Гордость русской драматургии. Методическое пособие - страница 5



Он (Гоголь) получше укрылся за портьеру и сызнова оглядел зал.

Вся свора Булгарина и Кукольника была в портере: Греч, Сенковский, Булгарин, Вигель, князь Шаховский, барон Розен, сей неудачливый стихоплёт и ярый ненавистник «Ревизора»… Они сбились в кучку вокруг господина Возвышенного, пожимали плечами, посмеивались.

Словом, все были тут, в театре – друзья и враги. Не было только того, кого бы всем сердцем хотел увидеть сейчас в театре Николай Васильевич, – Александра Сергеевича Пушкина: поэт находился в Михайловском.

Внезапно подняли люстры, и в зале стемнело. Вскинув глаза на императорскую ложу, Гоголь увидел государя.

Царь сидел в кресле – прямой, равнодушный, безжизненно глядя оловянными глазами на поднимающийся занавес. За государтсвенным креслом, рядом с наследником, стоял Жуковский» [7, с.129—131].

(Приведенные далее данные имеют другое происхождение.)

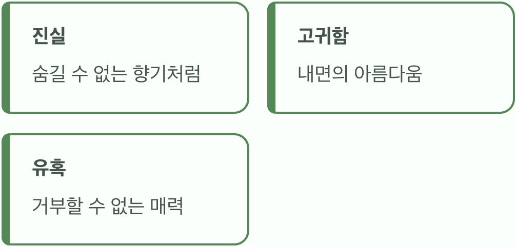 은목서는 ‘진실’과 ‘고귀함’, 그리고 때로는 거부할 수 없는 매력을 뜻하는 ‘유혹’이라는 꽃말도 함께 가지고 있습니다. 이는 아무리 작은 꽃이라도 그 향기는 숨길 수 없는 것처럼, 진실한 마음과 고귀한 인품은 언젠가 반드시 주변 사람들에게 알려지게 된다는 의미를 담고 있습니다.
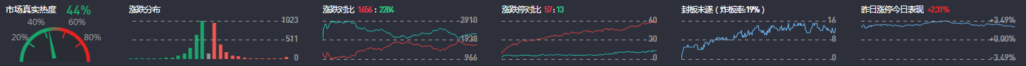 3、两市共1656只个股涨,57只个股涨停,除新股外涨停57只;2284只个股下跌,13只个股跌停,7只股票炸板,炸板率19%。
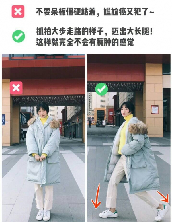 不要呆板僵硬的站著,手腳不知道怎麼擺,尷尬症又出現了。可以抓拍走路的樣子,邁出大長腿,這樣的照片動感又自然,也完全不會影臃腫的感覺。
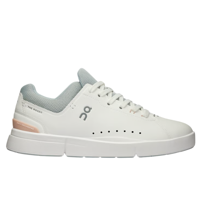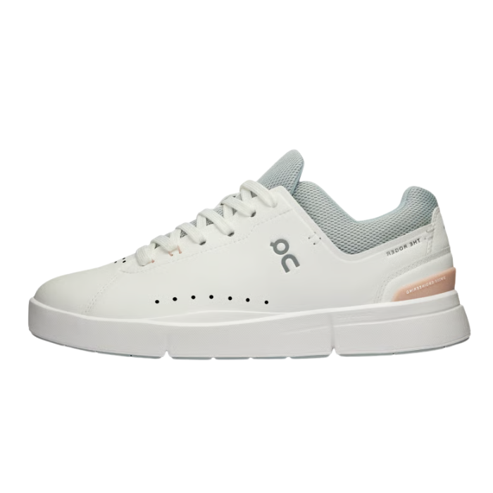 The On The Roger Advantage White Rosehip is a tennis-inspired lifestyle sneaker blending clean white vegan leather with subtle rosehip accents for versatile style. Perforated upper and mesh tongue ensure breathability, while concealed CloudTec cushioning and TPU Speedboard provide flex and comfort. Flex grooves and rubber outsole deliver natural movement and grip for all-day wear.
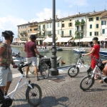 Seguiamo la pista ciclabile che costeggia il Lago di Garda fino ad arrivare a Lazise, un bel borgo medievale circondato da mura e dominato dal castello scaligero. Dopo aver visitato il borgo, torniamo verso l’entroterra e raggiungiamo Peschiera del Garda pedalando su strade di campagna che regalano bellissimi scorci panoramici.
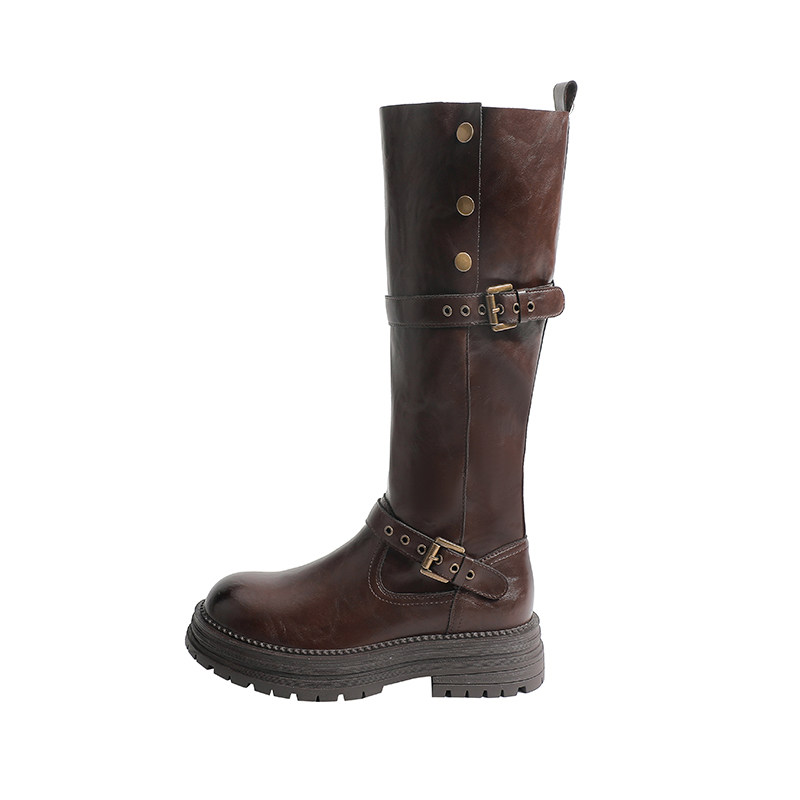 真皮~骄屿两穿复古厚底长筒靴2025新款不过膝美拉德骑士靴马丁靴
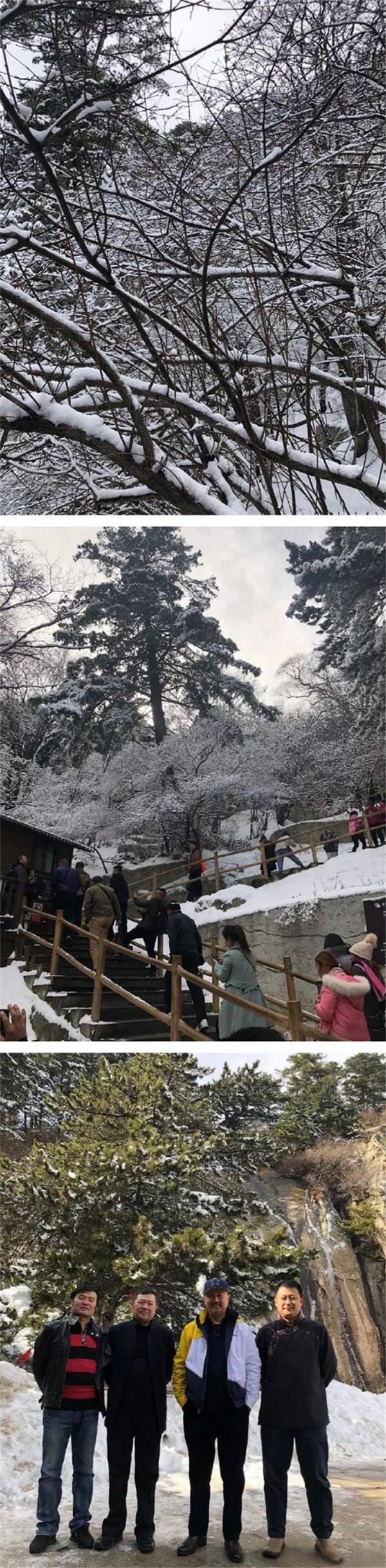 此時的華山正是雪季,華山的雪景不僅是銀白的世界,而是猶如千姿百態(tài)的雪雕。雪霽,便有“林海玉樹”、“雪堆玉石”、“云中雪龍”、“巖崖雪屋”、“梨花飛揚”、“天女散花”、“紅帶玉墜”等各具形態(tài)的奇特景觀。置身在雪的境界,神清氣爽,洗心革面,冰清玉潔,忘卻凡塵。
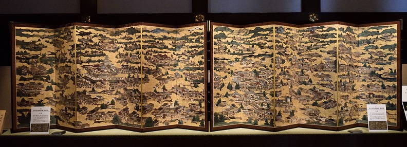 続いては、国の重要文化財に指定されている洛中洛外図屏風のひとつ、「洛中洛外図屏風 池田本」。岡山藩の池田家に所蔵されていたことから「池田本」と呼ばれています。二条城などの建物のほか、祇園祭の様子や庶民の日常など、約3100人以上が描かれている大作です。こちらもご覧いただきました。
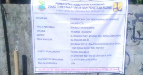 KARAWANG, transnews.co.id – Pembangunan Drainase U-ditch yang sedang dikerjakan diseputar wilayah Dusun Krajan A, RT 002/001, Desa Kertasari, Kecamatan Rengasdengklok, Kabupaten Karawang, Provinsi Jawa Barat sudah sesuai harapan warga lingkungan. Jumat (22/11/2024).
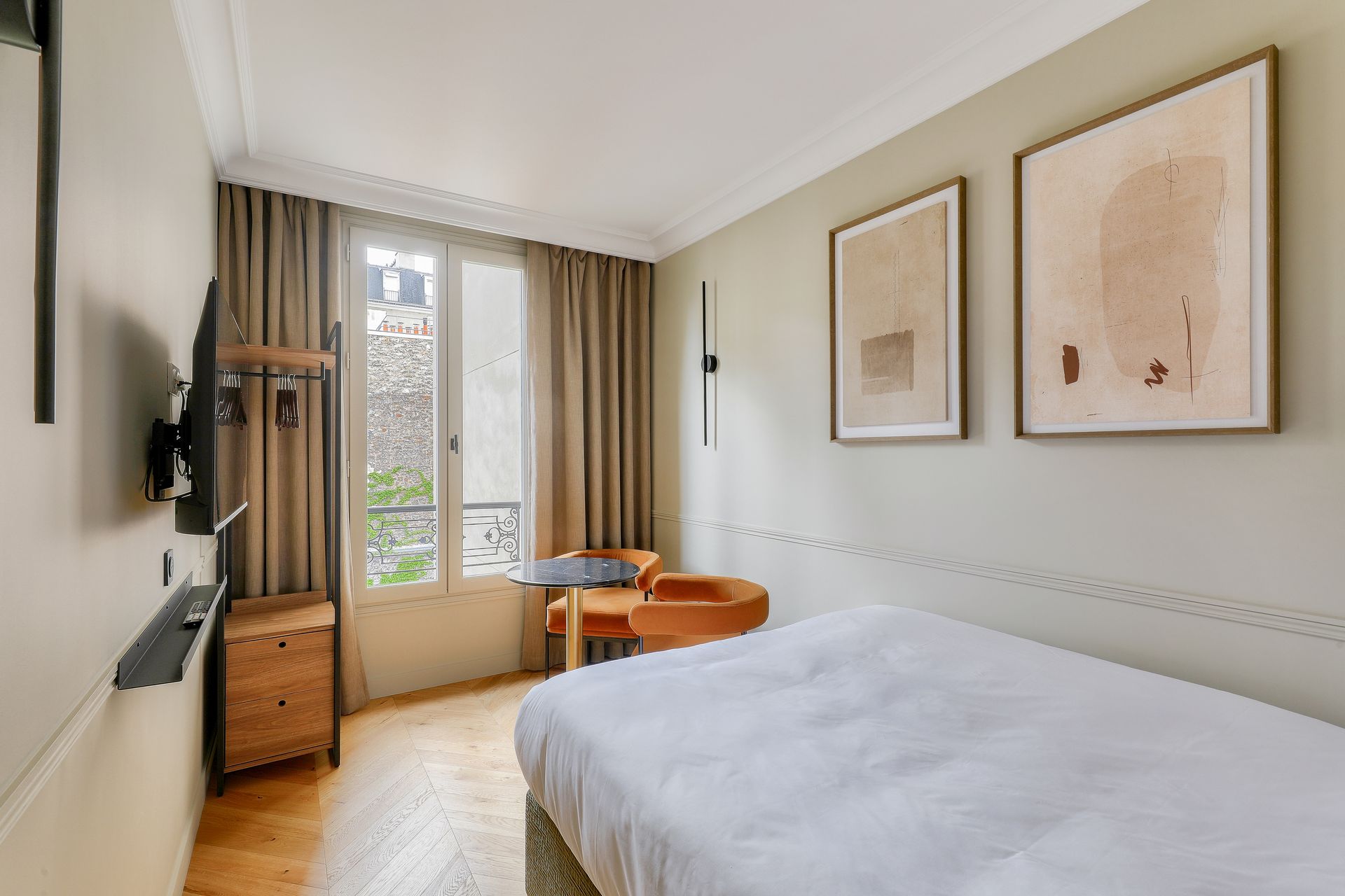 Ce qui distingue véritablement cette chambre, c'est la vue imprenable sur le jardin intérieur de la Maison du Moulin Vert. Cette perspective offre un havre de paix visuel, invitant à la contemplation et à l'évasion, loin de l'agitation du quotidien.
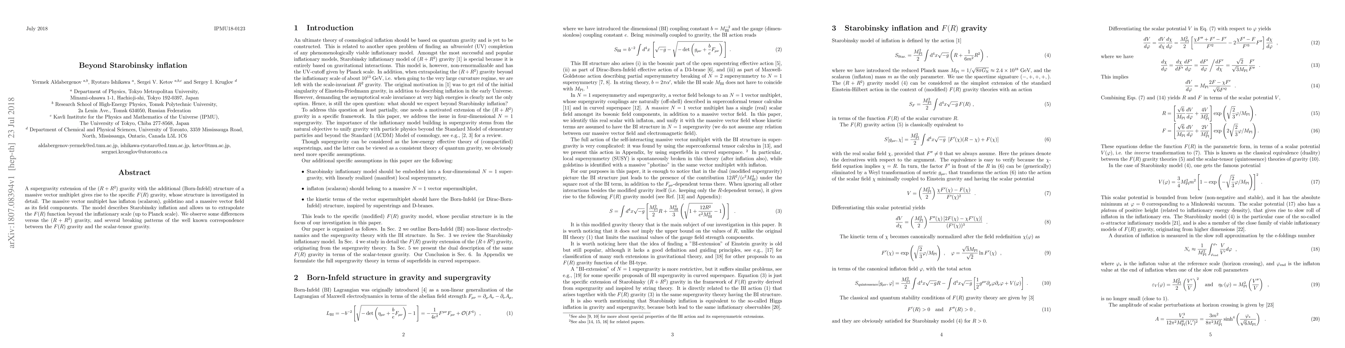 A supergravity extension of the $(R+R^2)$ gravity with the additional (Born-Infeld) structure of a massive vector multiplet gives rise to the specific $F(R)$ gravity, whose structure is investigated in detail. The massive vector multiplet has inflaton (scalaron), goldstino and a massive vector field as its field components. The model describes Starobinsky inflation and allows us to extrapolate the $F(R)$ function beyond the inflationary scale (up to Planck scale). We observe some differences versus the $(R+R^2)$ gravity, and several breaking patterns of the well known correspondence between the $F(R)$ gravity and the scalar-tensor gravity.
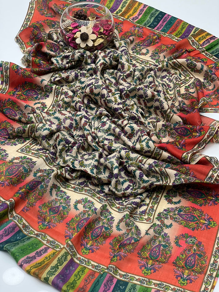 Pure Pashmina Wool Anarkali Style Jaal With Border Style Digital Print Shawl.
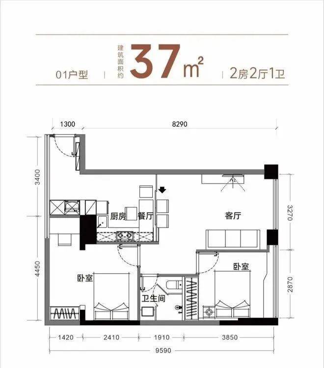 端头两面采光的01户型,建筑面积约37平两房一厅一卫,实际使用面积约64平,总价在580-630万。
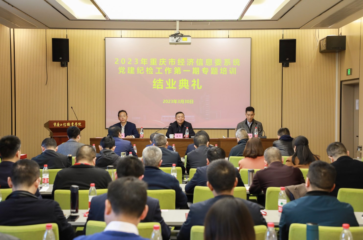 3月30日下午,2023年市经济信息委系统党建、纪检工作第一期专题培训在重庆工信职业学院圆满结业。委党组成员、直属机关党委书记赵刚出席结业仪式并讲话,委直属机关党委专职副书记、机关党办主任张学明主持会议。
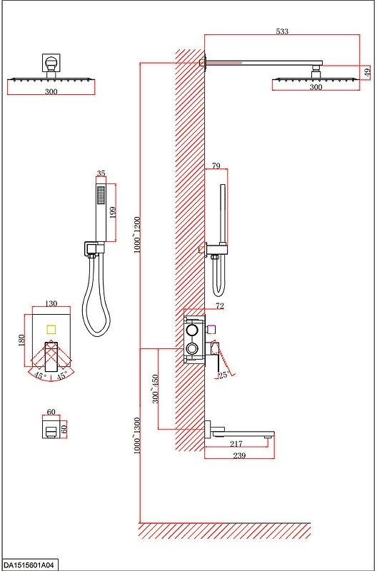- Размер верхнего душа (ШxД): 300 x 300 мм.
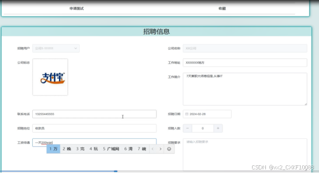 申请面试:用户可以通过系统申请感兴趣的兼职职位,并进行面试预约等操作。
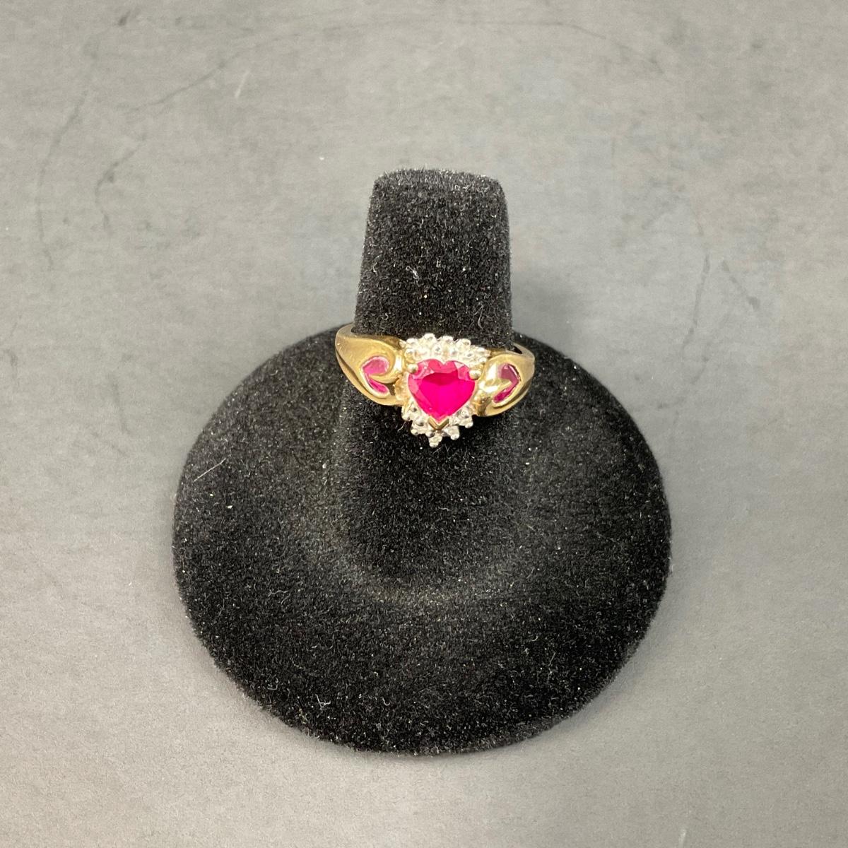 -31- FINE JEWELRY | 10KT Pink Heart & Diamond Ring | Marked
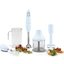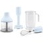 Блендер имеет в комплектации чашу для измельчения, собственно, сам измельчитель, венчик и насадку для пюре. Погружная часть сделана из нержавеющей стали. Благодаря системе FlowBlend блендер может работать с продуктами разной степени плотности, ножи легко моются и их не нужно затачивать. На пластиковой основе есть кнопка для переключения скоростей, а также кнопка для работы в Turbo-режиме.Тритановая чаша с крышкой оснащена маркировкой в литрах и унциях, что делает еще более удобным её использование.
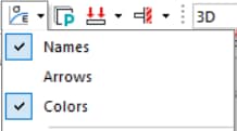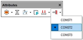 - Clicking the down arrow of the Display Constraints icon allows the user to draw the constraint attribute symbols for any constraint ID. Note: if no constraint ID exists, then the constraint ID drop down will display “(None)”.
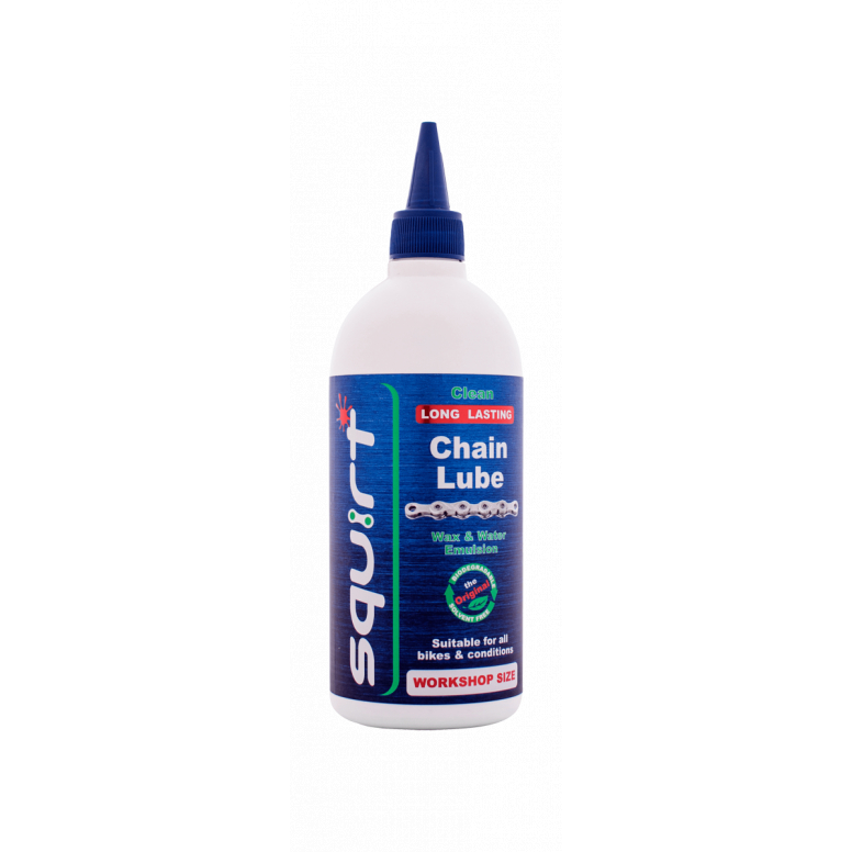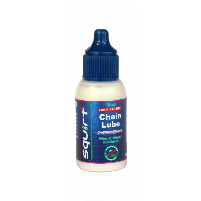 Squirt is a unique chain lubricant †it contains waxes and water in emulsion form that stays clean, lasts long and extends drive train life.Squirt's wax-based formula is ideal for all types of bicycle chains in all types of conditions. From e-bikes to road and mountain bikes, from sunshine to snow, Squirt is developed to give better lubrication, last longer and keep the chain cleaner over longer distances.Promotes a clean, smooth-running chain that repels dirt.Improved shifting and no chain-suckExtends the life of your drivetrainIncreased drivetrain efficiency up to 5 watts 100% biodegradableEasy to apply

Перед самым началом действия Гоголь прошёл в зрительный зал и расположился в ложе с графом Виельгорским, князем Вяземским и тайным советником Жуковским. Он «чувствовал себя мухой, утопающей в дорогом соусе». Фрак торчал на нём колом, руки в перчатках потели, сильно накрахмаленная манишка резала шею. Он ёрзал и вертел головою, с испугом ловя реплики и вдыхая запах французских духов и помад.

Слева был генерал, справа генерал, сзади министр, впереди член Государственного совета… А вверху где-то, в раззолочённой ложе, возвышался царь. Темя Гоголя горело, стыд и неловкость жгли и душили, а от взрывов глупого и грубого смеха он подпрыгивал, как будто его кололи чем-то острым. Усы, усы, усы… бакенбарды, дамские веера, и зевки, и раздражение, нарастающее от реплики к реплике, и опять смех, смех, смех…» [11,с.192]

Совсем другого ожидал Гоголь…

Но актёры играли прескверно. Временами Гоголю казалось, что смотрит он не свою, а чью-то чужую, незнакомую пьесу, слышит чужие, мёртвые слова.

С каждым актом всё сумрачней и сумрачней становилось у него на сердце. Было стыдно смотреть, как, картавя и жеманичая, шаловливым мотыльком порхал по сцене долговязый Дюр (игравший Хлестакова), как кривлялись, потешая публику, Бобчинский и Добчинский.



«Однако не пьеса и не игра актёров рождала в душе Николая Васильевича чувство растерянности и тоски. За другим следил он, другое видел, в смятении откинувшись на спинку бархатного кресла.

Он следил за публикой. Публика была избранной, в полном смысле «сливки общества»… Это они создавали общественное мнение, губили и возносили сочинителей… И это о них написал он комедию, о них – «дающих и берущих», о них хозяевах… земли…

Сначала по портеру и ложам пробегал лёгкий, приглушённый шёпот, и, прислушиваясь, Николай Васильевич уловил снисходительные возгласы почти одобрения: «Премиленький фарс! А кто сочинитель? Ах, препотешно! И мило, право же, мило!» Потом наступила тишина – глухая, враждебная; с каждым актом становилась она всё гуще и гуще. Одёргивали нервно и зло свои отутюженные фулфары и фраки, угрожающе звякали шпорами, в недоумении, с брезгливой гримасой отирали лысины надушенными платками. «Это невозможность! Это клевета! Якобинство!» – негодовали виц-мундиры и фраки… – Да для автора нет ничего святого, коли дерзнул он так говорить о служащих, о чиновных, об опоре государства и слугах его величества! …Взятки, мордобой, невежество, казнокрадство… И это Россия?.. И притом, что в просвещённой Европе, помилуйте, скажут? Скандалёзность! Позор! Запретить!» [7, с.231—232].